[[ RECORD SET, beginning ]]

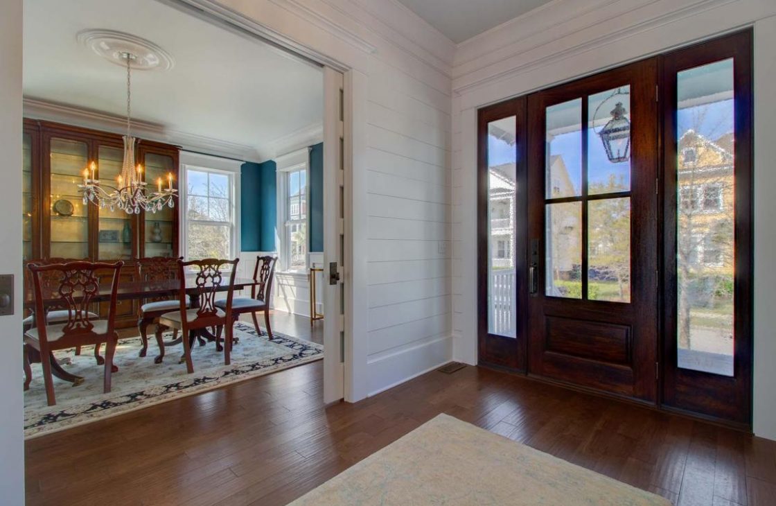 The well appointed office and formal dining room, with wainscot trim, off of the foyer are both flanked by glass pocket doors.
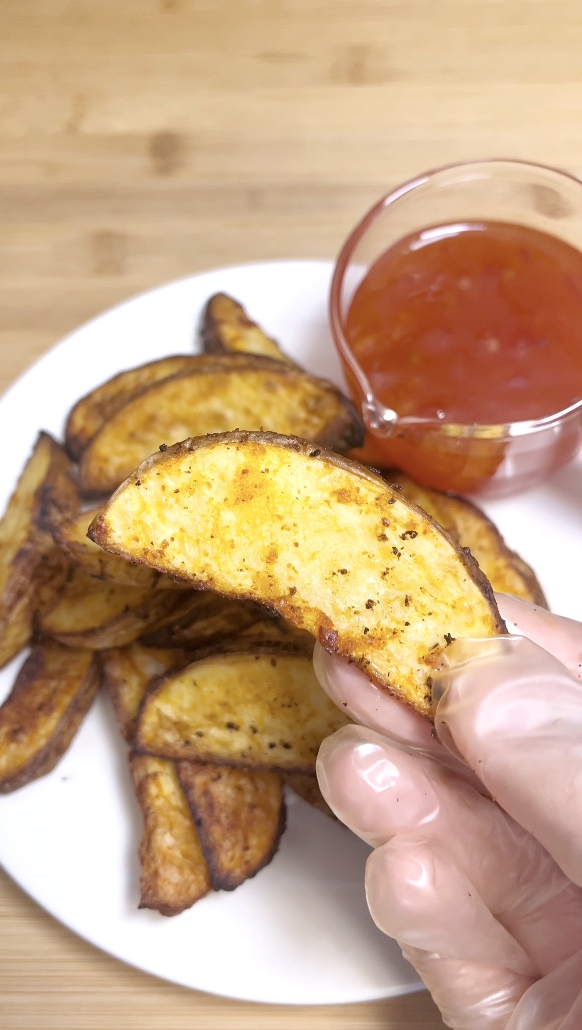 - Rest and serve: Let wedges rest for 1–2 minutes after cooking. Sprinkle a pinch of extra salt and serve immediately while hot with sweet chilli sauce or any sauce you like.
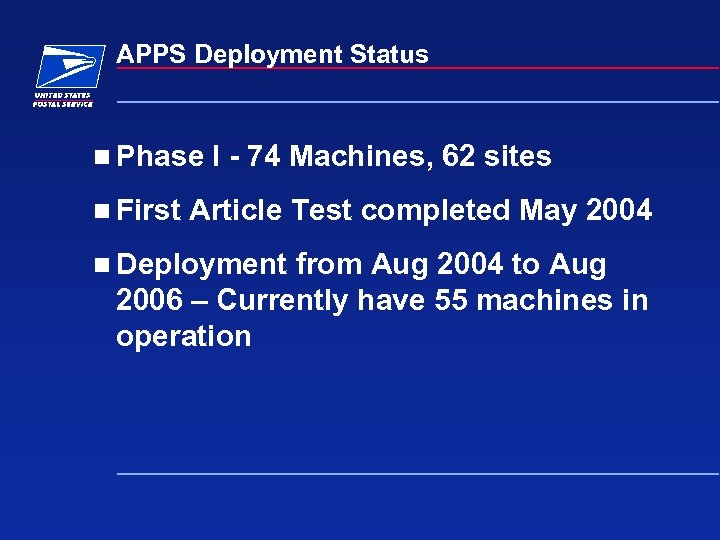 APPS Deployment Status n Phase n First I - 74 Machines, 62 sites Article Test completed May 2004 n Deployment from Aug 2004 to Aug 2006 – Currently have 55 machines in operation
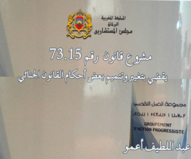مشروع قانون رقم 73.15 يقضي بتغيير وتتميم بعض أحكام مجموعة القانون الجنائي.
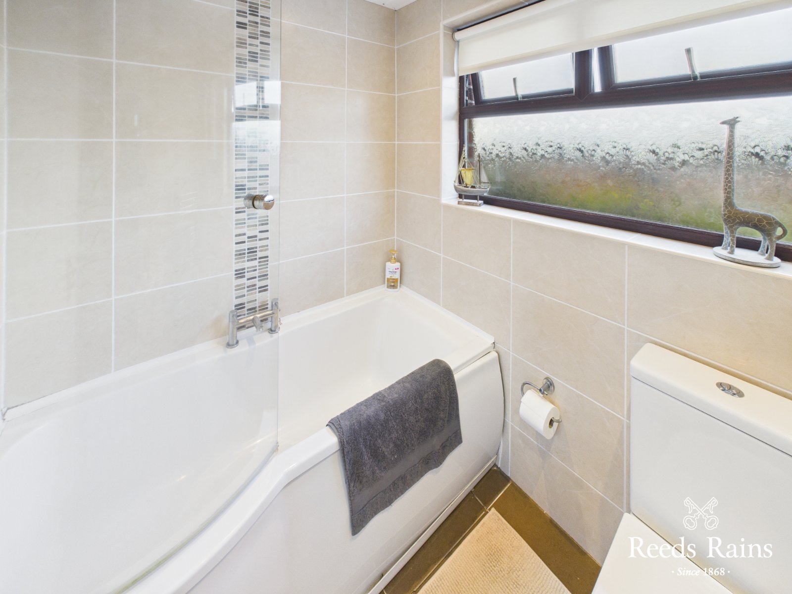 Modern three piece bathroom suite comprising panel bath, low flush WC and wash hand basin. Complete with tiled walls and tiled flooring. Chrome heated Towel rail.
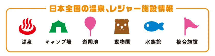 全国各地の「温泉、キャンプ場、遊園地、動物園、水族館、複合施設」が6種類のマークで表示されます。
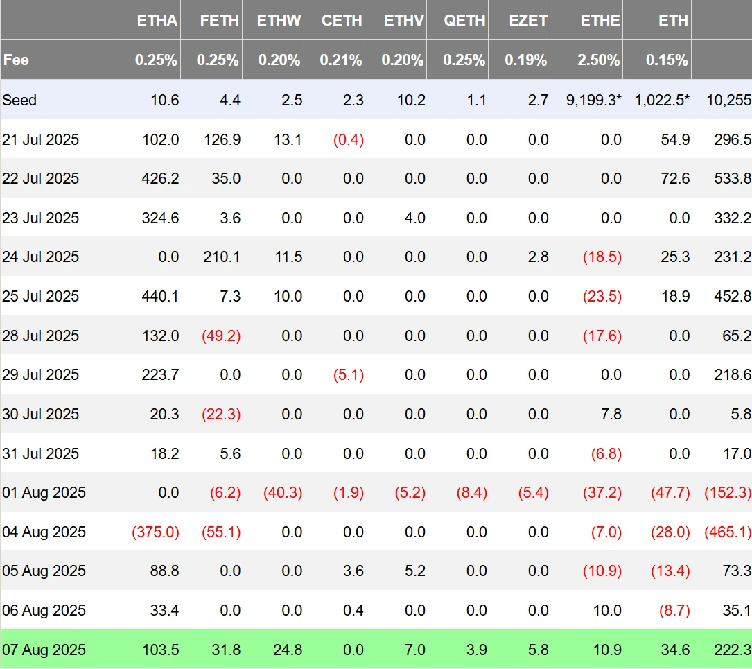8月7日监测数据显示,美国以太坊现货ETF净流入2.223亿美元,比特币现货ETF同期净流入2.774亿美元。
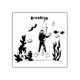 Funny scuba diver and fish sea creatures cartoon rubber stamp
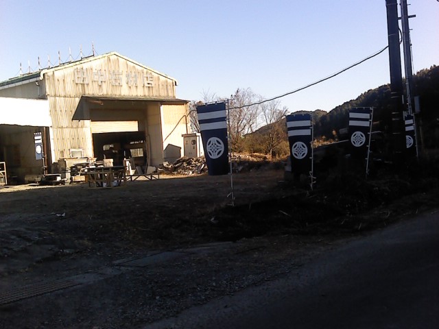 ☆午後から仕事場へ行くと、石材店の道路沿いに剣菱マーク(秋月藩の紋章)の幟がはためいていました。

[[ RECORD SET, end ]]
[[ RECORD SET, beginning ]]

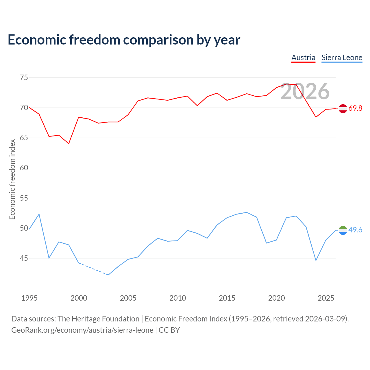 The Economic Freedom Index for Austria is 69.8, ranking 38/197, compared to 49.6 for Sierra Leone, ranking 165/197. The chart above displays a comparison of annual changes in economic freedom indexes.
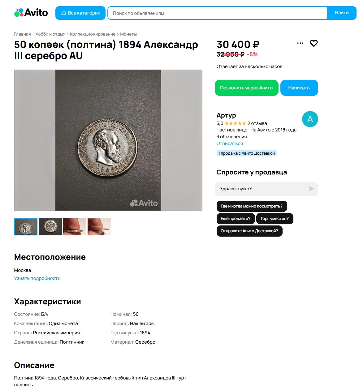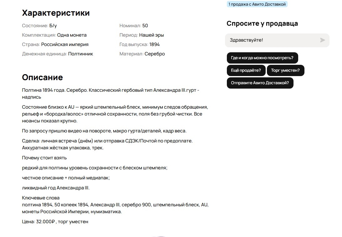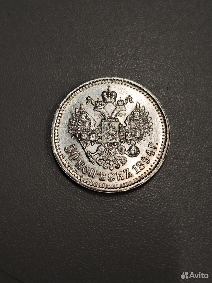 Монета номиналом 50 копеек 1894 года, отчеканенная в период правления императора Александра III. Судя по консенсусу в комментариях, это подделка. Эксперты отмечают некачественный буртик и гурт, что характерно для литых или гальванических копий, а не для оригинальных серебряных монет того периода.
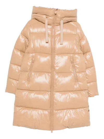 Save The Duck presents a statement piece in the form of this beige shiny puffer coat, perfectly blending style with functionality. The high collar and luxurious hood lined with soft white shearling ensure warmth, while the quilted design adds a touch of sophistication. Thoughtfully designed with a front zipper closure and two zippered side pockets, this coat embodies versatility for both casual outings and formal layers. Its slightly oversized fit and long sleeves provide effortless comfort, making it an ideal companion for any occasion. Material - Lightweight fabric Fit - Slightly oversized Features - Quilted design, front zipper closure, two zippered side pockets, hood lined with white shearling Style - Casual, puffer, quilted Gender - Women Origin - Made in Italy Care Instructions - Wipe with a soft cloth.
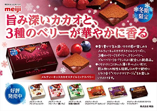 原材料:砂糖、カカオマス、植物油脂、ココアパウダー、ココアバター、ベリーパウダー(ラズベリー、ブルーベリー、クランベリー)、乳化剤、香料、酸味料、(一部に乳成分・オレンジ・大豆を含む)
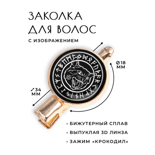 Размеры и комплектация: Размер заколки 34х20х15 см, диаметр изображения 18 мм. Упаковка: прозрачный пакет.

[[ RECORD SET, end ]]
[[ RECORD SET, beginning ]]

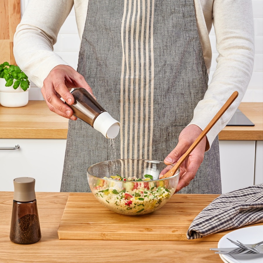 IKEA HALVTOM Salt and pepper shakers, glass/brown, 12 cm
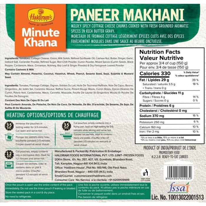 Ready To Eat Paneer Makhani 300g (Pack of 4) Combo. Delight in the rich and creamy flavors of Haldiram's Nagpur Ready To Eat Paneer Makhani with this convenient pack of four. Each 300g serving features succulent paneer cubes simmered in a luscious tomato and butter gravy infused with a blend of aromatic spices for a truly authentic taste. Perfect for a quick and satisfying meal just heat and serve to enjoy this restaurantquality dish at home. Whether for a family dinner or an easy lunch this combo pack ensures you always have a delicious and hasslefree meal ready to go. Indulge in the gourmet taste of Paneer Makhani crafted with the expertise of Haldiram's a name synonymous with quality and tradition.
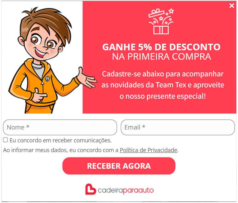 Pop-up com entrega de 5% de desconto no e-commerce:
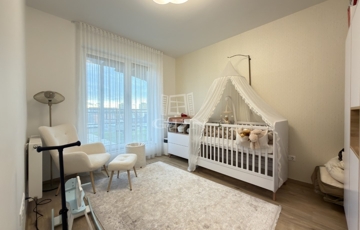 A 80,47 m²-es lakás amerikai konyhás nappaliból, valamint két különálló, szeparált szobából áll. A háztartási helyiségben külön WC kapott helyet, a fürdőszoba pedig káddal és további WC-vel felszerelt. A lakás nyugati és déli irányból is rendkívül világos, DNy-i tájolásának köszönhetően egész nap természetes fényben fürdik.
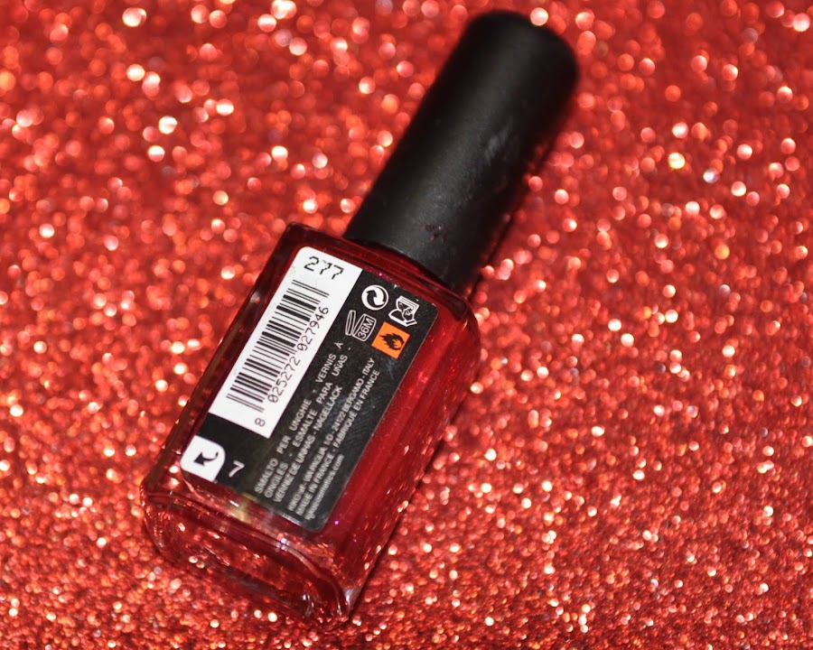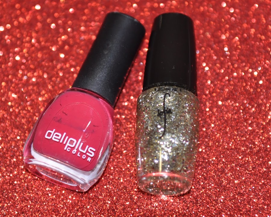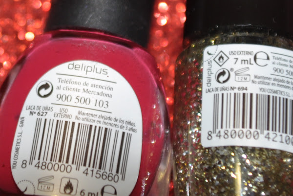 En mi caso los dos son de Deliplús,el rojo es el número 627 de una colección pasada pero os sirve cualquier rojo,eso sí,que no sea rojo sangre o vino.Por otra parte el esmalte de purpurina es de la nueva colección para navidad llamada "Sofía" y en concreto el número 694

[[ RECORD SET, end ]]

AIM OF THE EXERCISE:
The copy should hold exactly the lines above from the one with "APPS Deployment Status" through the one with "مشروع قانون رقم", both ends counted, and no pictures at all.

ANSWER:
 APPS Deployment Status n Phase n First I - 74 Machines, 62 sites Article Test completed May 2004 n Deployment from Aug 2004 to Aug 2006 – Currently have 55 machines in operation
مشروع قانون رقم 73.15 يقضي بتغيير وتتميم بعض أحكام مجموعة القانون الجنائي.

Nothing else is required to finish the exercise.